When is array-to-array cast legal, and what does actually happen?
Daniel Keep
daniel.keep.lists at gmail.com
Mon Feb 22 17:49:47 PST 2010
> ...
>
> I see that neither the constructor nor the postblit is called.
> Apparently the bit representation is used. This has the risk of
> violating struct invariants.
>
> Is it legal?
>
> Thank you,
> Ali
cast is to value conversions what a tactical nuclear strike is to
peaceful negotiations. cast is specifically *designed* to circumvent
the type system's protections [1].
If you want to do a value conversion, *do a value conversion*. Allocate
a new array and convert each member. cast doesn't call the constructor
or the postblit because it's doing a pointer conversion.

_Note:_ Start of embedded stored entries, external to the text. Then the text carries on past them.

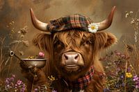 Dit betoverende kunstwerk toont een charmante Schotse Hooglander, gekleed in een traditionele geruite muts met een bloem erin, terwijl hij een kopje met bloemen en kruiden vasthoudt. De warme tinten van de achtergrond, gecombineerd met de zachte, wilde bloemen die de scène omlijsten, geven het geheel een rustiek en speels karakter. De levendige expressie van de hooglander en de delicate details van de flora maken dit werk perfect voor liefhebbers van boerderij- en natuurkunst met een fantasievolle twist.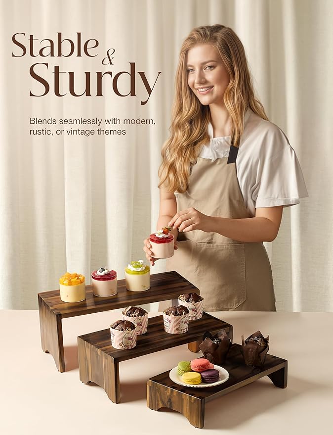 - Multi-Purpose Design: Use it as a wooden 3 tier cupcake stand, wood cupcake stand, or wooden stands for cheese, desserts, charcuterie, or plant displays at events and gatherings. Beside displaying as wooden cupcake stand, organize your spices, miniatures or decorative items in a more stylish way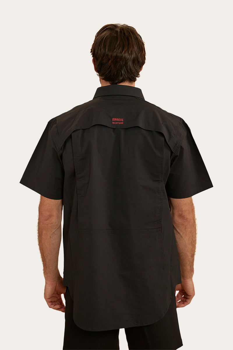 The Ringers Western Workwear range is built for durability, and the Bulgarra Men's Ripstop Full Button Work Shirts is are no exception. Made from a high-quality cotton and elastane blend, this loose-fit shirt offers a unique ripstop grid pattern designed to resist tearing, making it a great choice for rugged work environments. With breathable short sleeves, it’s comfortable for physically demanding jobs and outdoor work. This men’s work shirt includes ventilation features such as mesh-lined underarms and back yoke vents for airflow. Complete with utility chest pockets, Ringers Western embroidered details, and a UPF 50+ rating, it's well and truly ready to stand up to any task.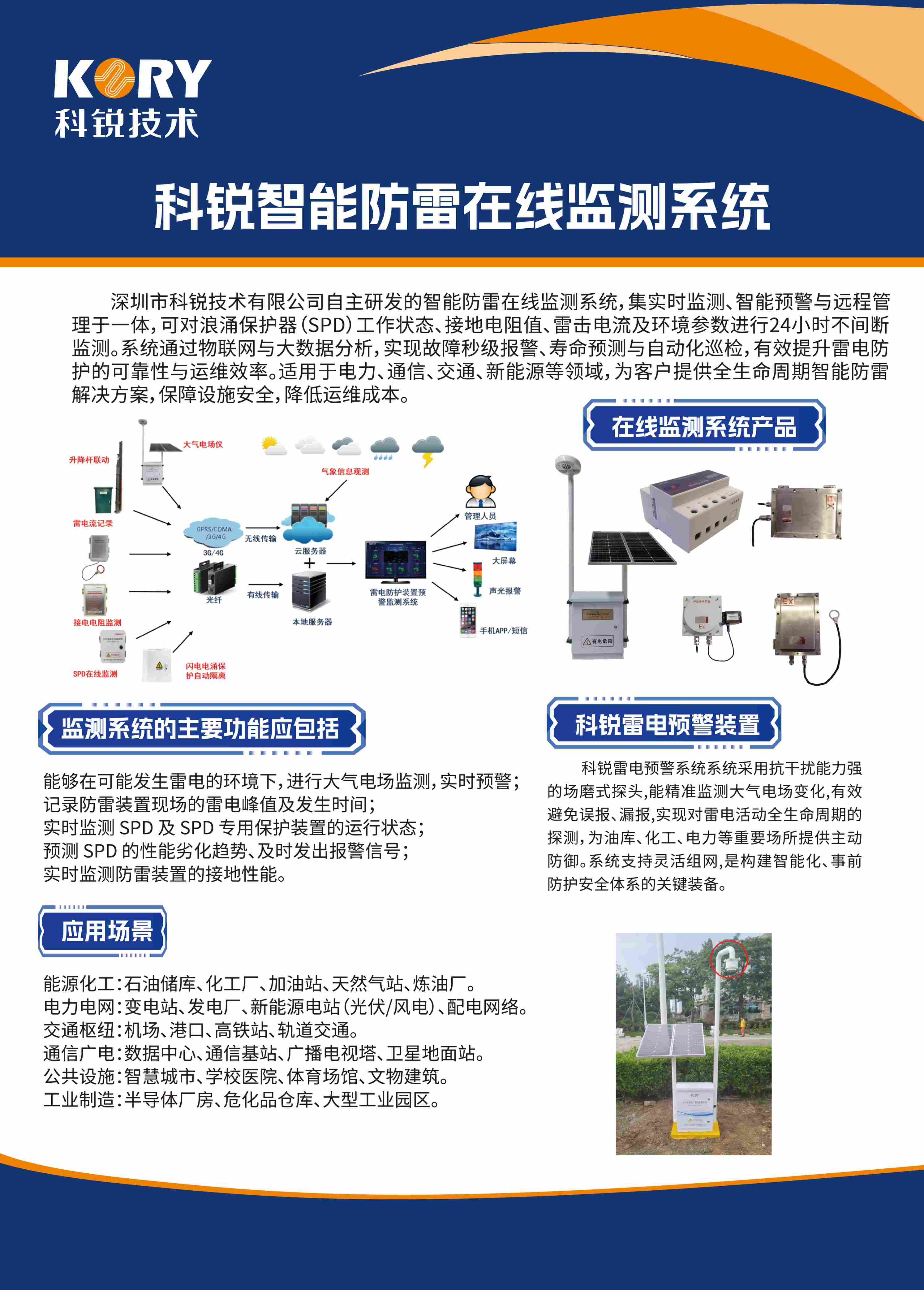 智慧安全解决方案:深圳科锐技术智能雷电防护在线监测系统主要功能首先是监测雷电,预防减灾。创新的使用和借鉴云物联、传感器、智能算法技术、大数据、移动互联最先进IT技...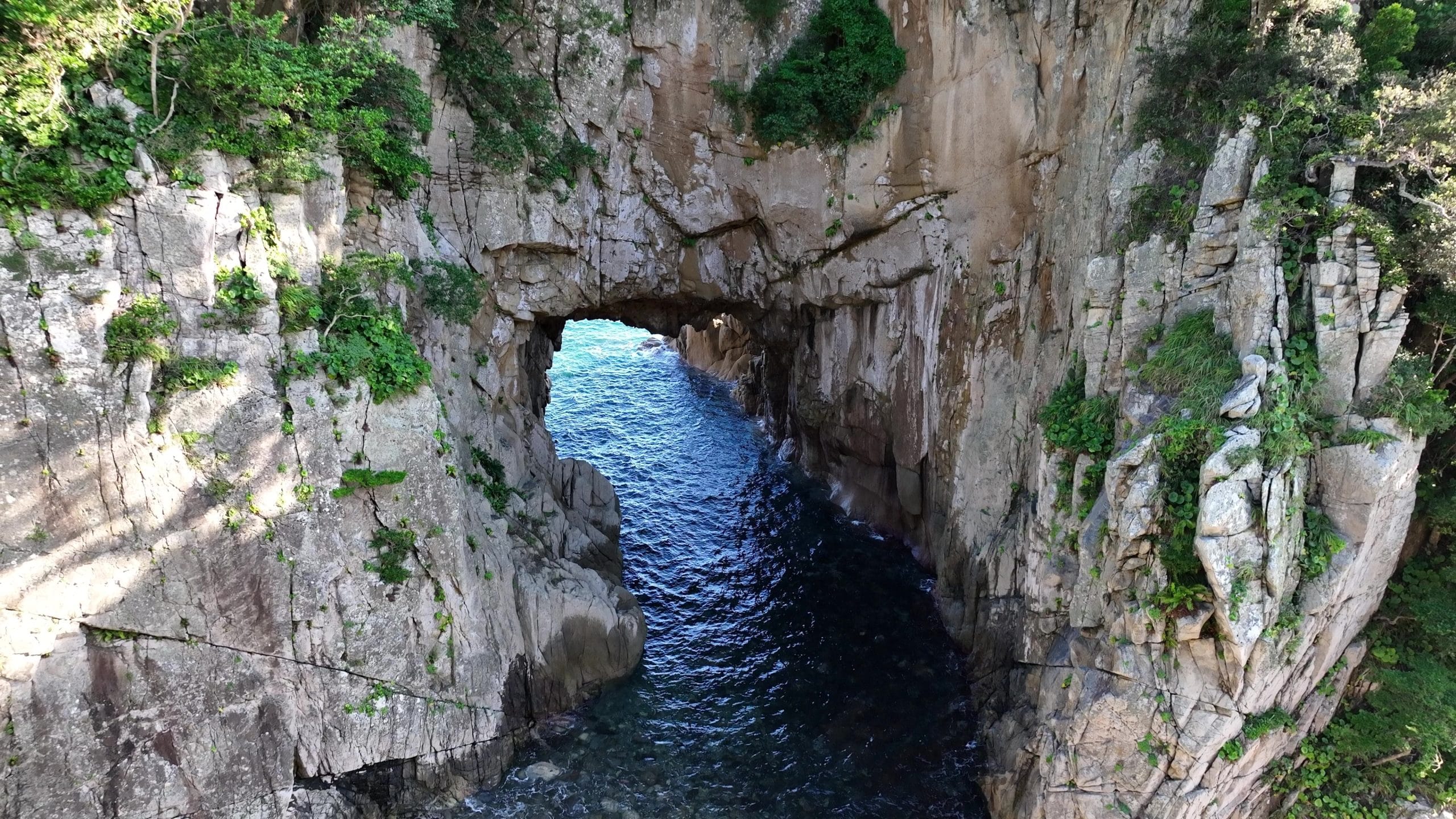 高知足摺岬~白山洞門 空撮 20240705 旅するドローン2024.10.032024年7月5日夕刻、太平洋を望む高知足摺岬、白山洞門付近で、DJI Mavic 3 による空撮。外洋に向かって正対する国内最大級の花崗岩海食洞「白山洞門」、永い年月をかけ、外洋の荒波が創りあげたその巨大洞門の存在感は圧倒的。その悠々しい光景に、人間の存在の儚さを感じ、また逆に勇気づけられます。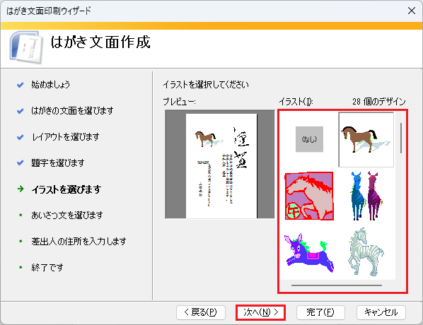 🥉手順⑤:『イラストを選びます』では【イラストのデザイン】任意のデザインを1つ選び【次へ】を選択します。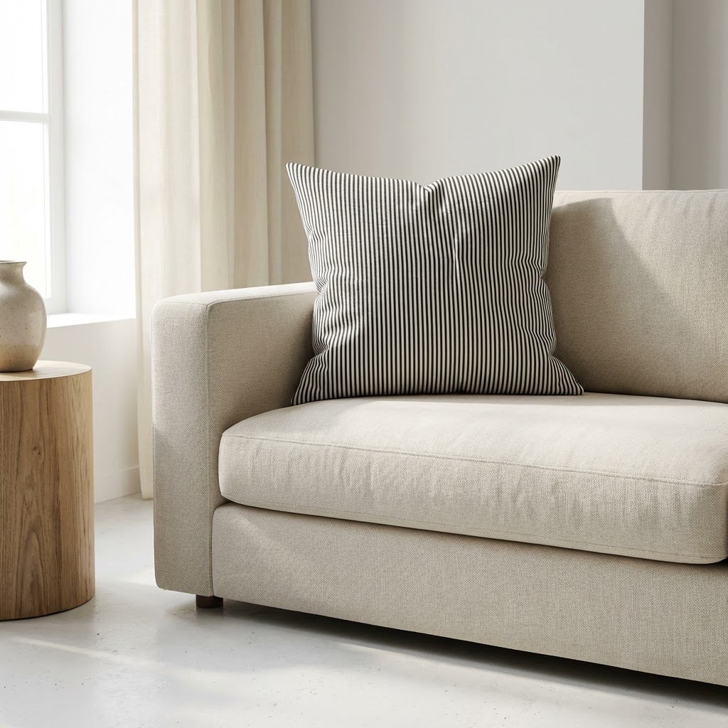 Διακοσμητικές θήκες από υψηλής ποιότητας καραβόπανο, σε μοναδικό ριγέ σχέδιο. Ιδανικές για να προσθέσετε μια κομψή πινελιά στον χώρο σας. Το μαύρο χρώμα τους ταιριάζει τέλεια με κάθε διακόσμηση. Mε φερμουάρ στο κάτω μέρος, αυτές οι θήκες προσφέρουν ευκολία στην αφαίρεση και πλύση.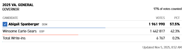 Lähde: https://www.politico.com/news/2025/11/04/spanberger-wins-virginia-governors-race-00633606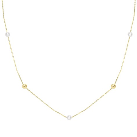 Collar de oro 18k, con cadena forzada de 45 cm y doble asa, con tres perlas (4-4.5mm) y dos bolas lisas (4mm) intercaladas a lo largo de la cadena.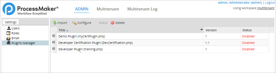 After installing the plugin, make sure that the Multitenant Workspace Management plugin is  enabled.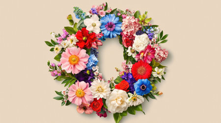 Captivating floral wreath featuring an array of colorful flowers on a soft beige background, perfect for seasonal decor or charming aesthetic displays.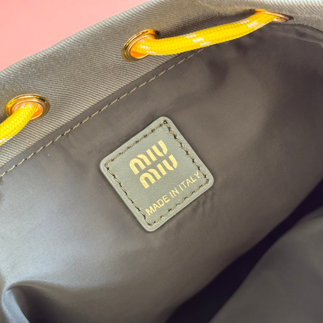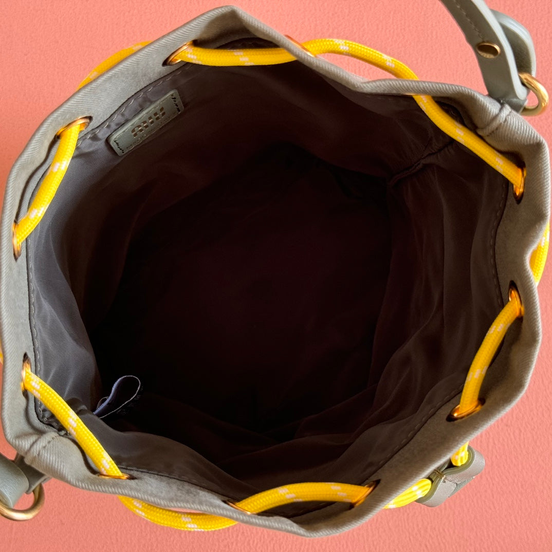 GABADINE POUCH 22.5 IN OLIVE GREEN CANVAS YELLOW DRAWSTRING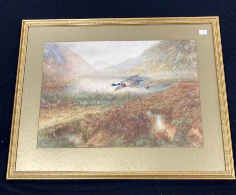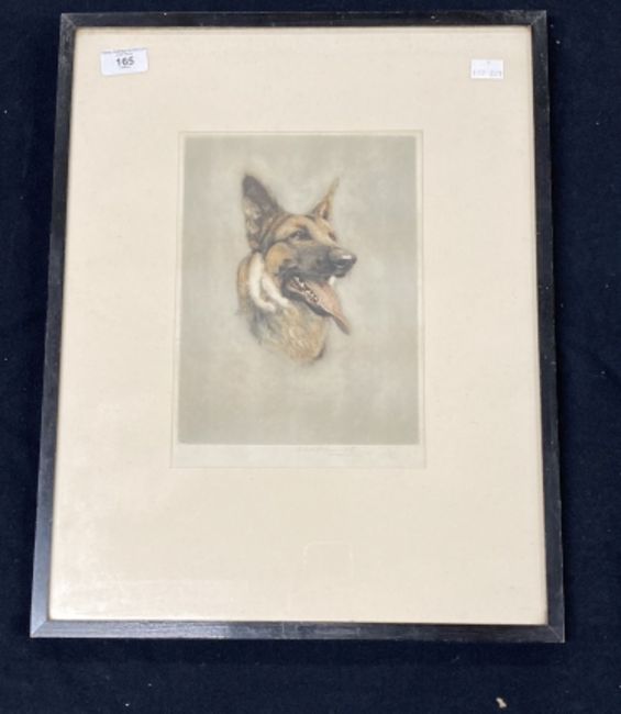 George Rankin (1864-1937): Watercolour , mallards in flight signed lower left, framed and glazed. 14ins. x 19¾ins. Print of a German Shepherd dog, stamped Rembrandt Guild artist proof, signed, framed and glazed. 10ins. x 7½ins.. Watercolour of woodpeckers, unsigned. (3)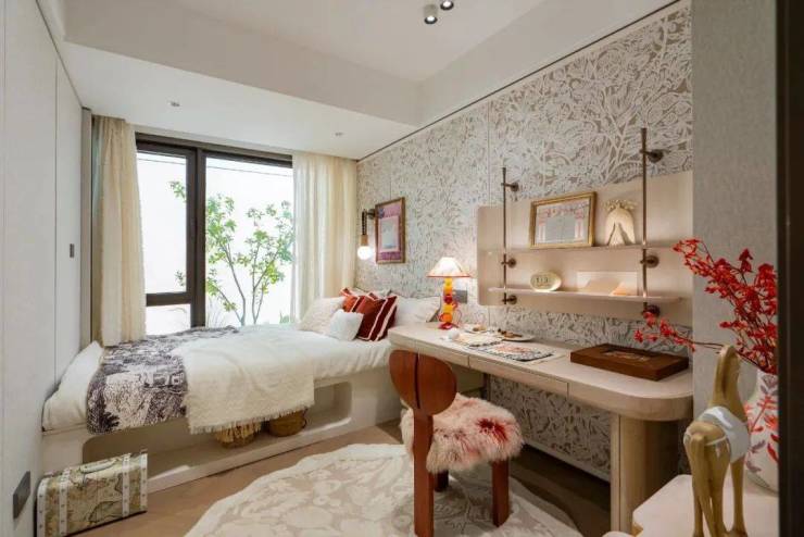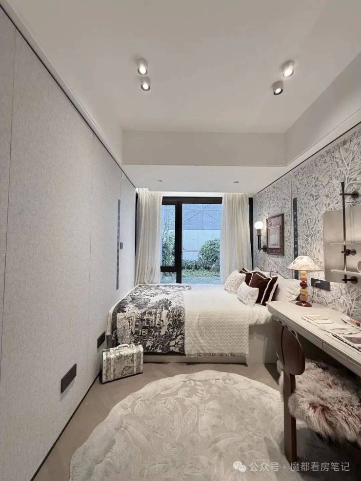 首先,这是北次卧,不仅能放下一张完整的床,还能放下一张大尺寸的办公桌或者是梳妆台,甚至还有空间做一些收纳柜和床头柜等。这样的尺度感和实用性,真的比一般建面约120㎡以上的宽绰3房更加惊人。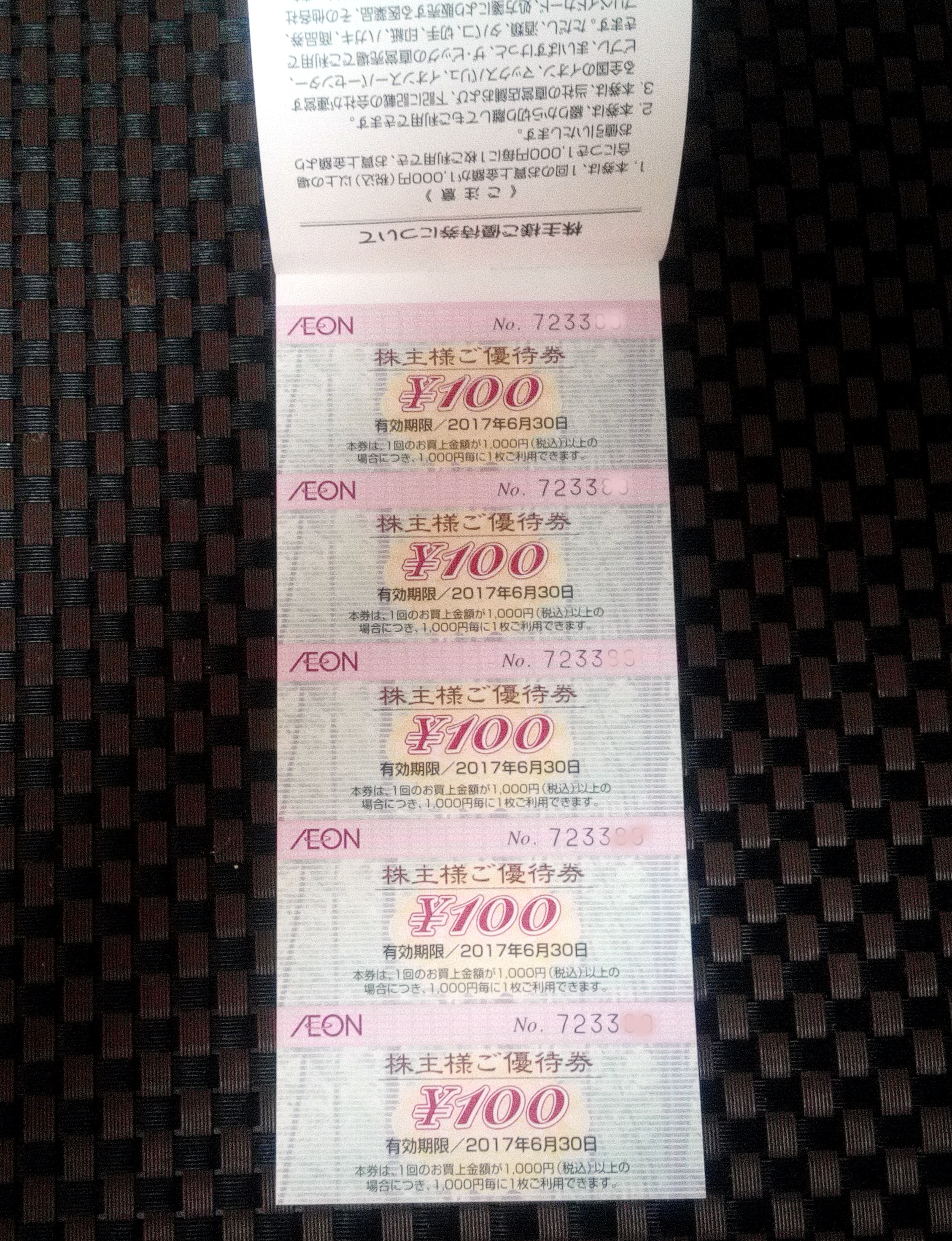 ※お買物1000円利用で優待券1枚(100円引き)が使用できます。ヤフオクで額面の90%くらいで取引されているようですね。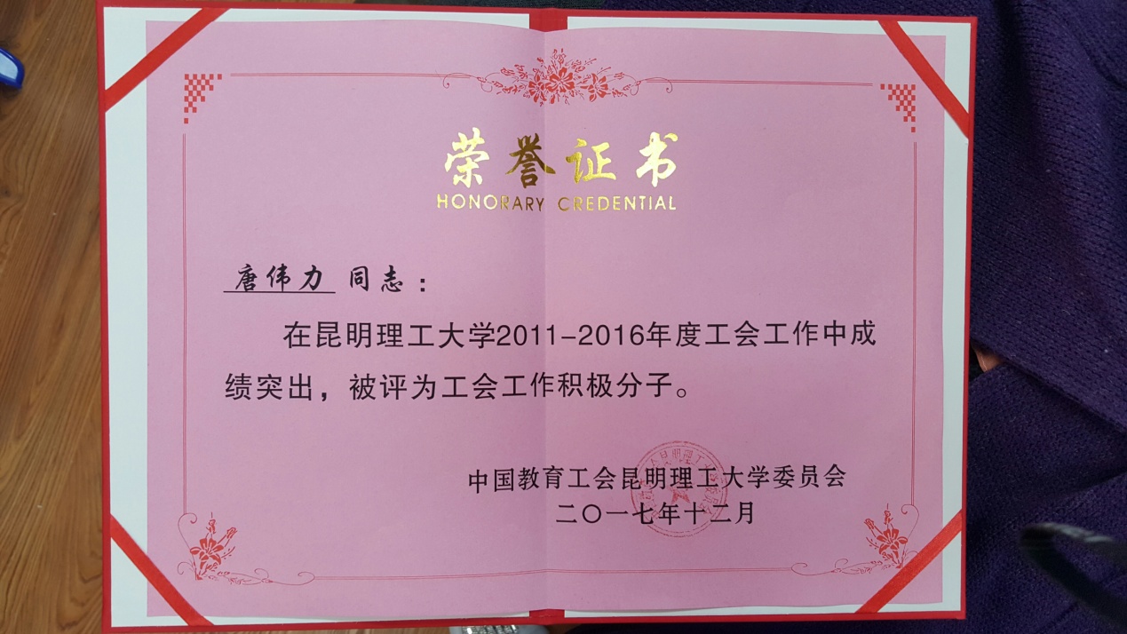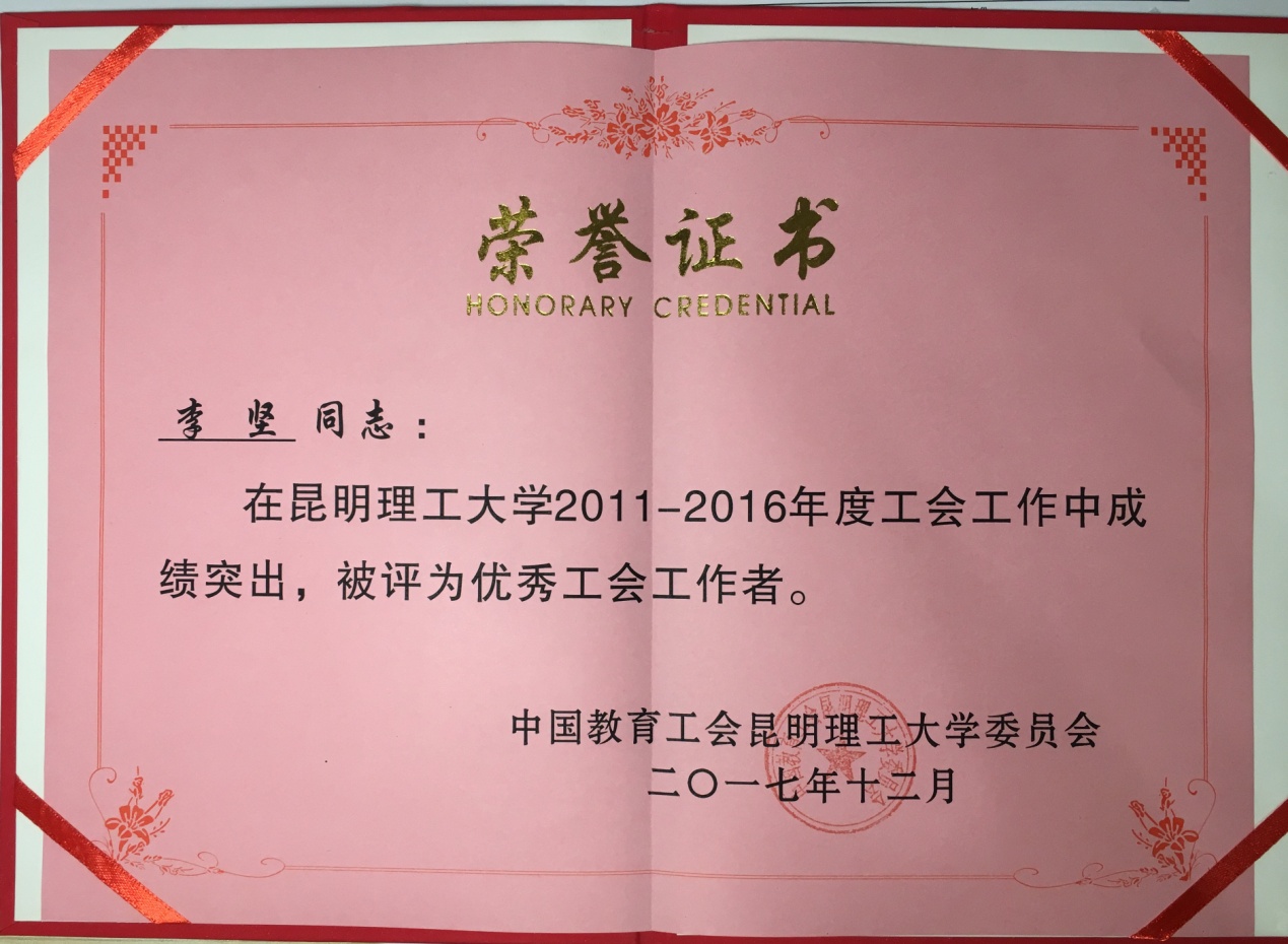 荣获2011-2016年工会工作先进集体(共有10个单位获奖)。李坚老师荣获优秀工会工作者(共有29人获奖)。唐伟力老师荣获工会积极分子(共有38人获奖)。樊刚老师荣获关心重视支持工会工作党政领导(共有28人获奖)。祝贺他们!祝贺学院!

Your code is basically equivalent to this:
void main()
{
auto tmp = "hello"d;
auto mine = cast(MyChar*)(tmp.ptr)
[0..(tmp.length*typeof(tmp[0]).sizeof)/MyChar.sizeof)];
}
That is, it's doing an unsafe, unchecked pointer cast, then re-slicing
the array.
To answer your question: yes, it's legal. Not what you wanted, but legal.
[1] Except for int<->float. Oh, and objects. Really, this is one thing
I could just about strangle K&R for: conflating value-preserving,
non-value-preserving *AND* unsafe conversions all into a single
construct. Walter, gets slapped with a fish for not putting a bullet in
cast's head when he had the chance. Argh!